How to mask a password in Java 5?

Question

I am trying to mask a password in Java. Sun java has suggested a way to mask a password as follows.

Masking a password

It uses a simple way to do that.

public void run () {
  stop = true;
  while (stop) {
     System.out.print("\010*");
 try {
    Thread.currentThread().sleep(1);
     } catch(InterruptedException ie) {
        ie.printStackTrace();
     }
  }
}

But this approach has several drawbacks.

1. If the user uses the arrow keys + delete keys the password gets revealed.

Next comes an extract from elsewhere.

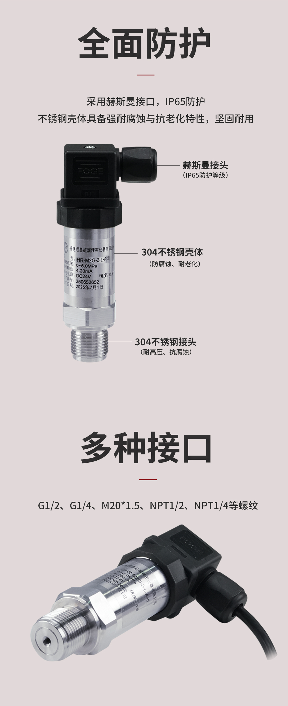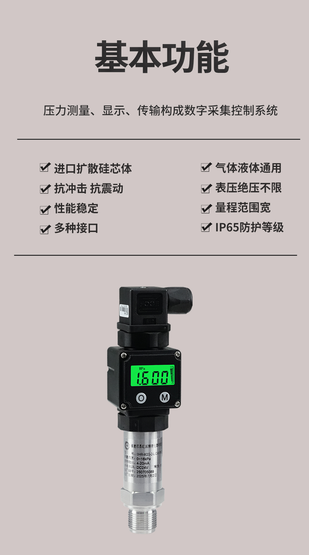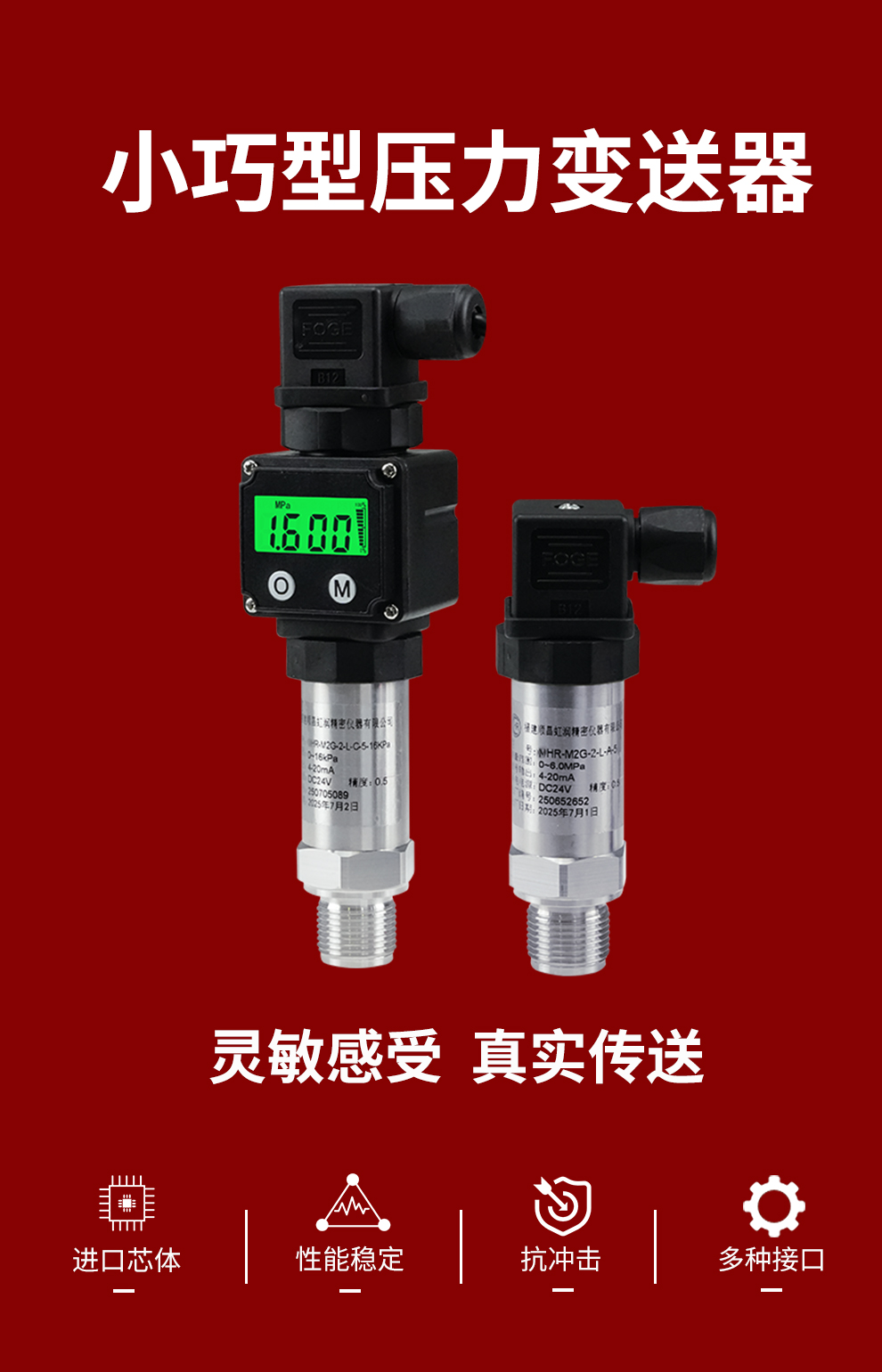虹潤公司是專業生產壓力變送器的國家專精特新“小巨人”企業,生產的小巧型壓力變送器,具有采用進口芯體,量程範圍寬,抗衝擊抗震動,多種螺紋接口,性能穩定等特點。產品獲得一種數字顯示低功耗壓力表、一種信號發生器裝置等2項國家發明專利,主持起草工業過程控製係統用模擬輸入兩位或多位輸出儀表、工業過程測量和控製係統用壓力/差壓變送器等2項國家標準,通信係統多通道數據采集控製終端規範軍用標準,以及現場設備集成等5項智能製造國家標準,參與國際5G標準製定,取得數顯壓力表等2項相關軟件著作權。產品廣泛應用於化工、食品、製藥、電力、設備配套、供暖、水處理、樓宇等行業,需精準測量流體壓力的現場。

2. If the user accidentally press 2 keys at the same time (Extremely high typing speed) some characters does not get masked.

Do you guys think of any way that can get a 100% correct masking?

Answer 1

Use Console.readPassword().

Answer 2

You can now use System.console();

Console c = System.console();
if (c == null) {
    System.err.println("No console.");
    System.exit(1);
}


char [] password = c.readPassword("Enter your password: ");

Answer 3

Using certain syscalls (on windows and unix) you can disable echoing of characters to console. This is what System.console() does, but it works also in Java.

I'm using JNA to map certain syscall of unix and windows in a private branch of jline:

• on unix I'm using the termios structure and tcgetattr/tcsetattr
• on windows I'm using GetConsoleMode and SetConsoleMode.

If you need code example leave a comment.

Answer 4

With the JDK 6.0, you have the java sources of the classes, including Console : I just verified and this class has only Java 5.0 dependencies.

So, in your project, you can create a copy of this Console class, and then use the readPassword method. I did not try but it should work.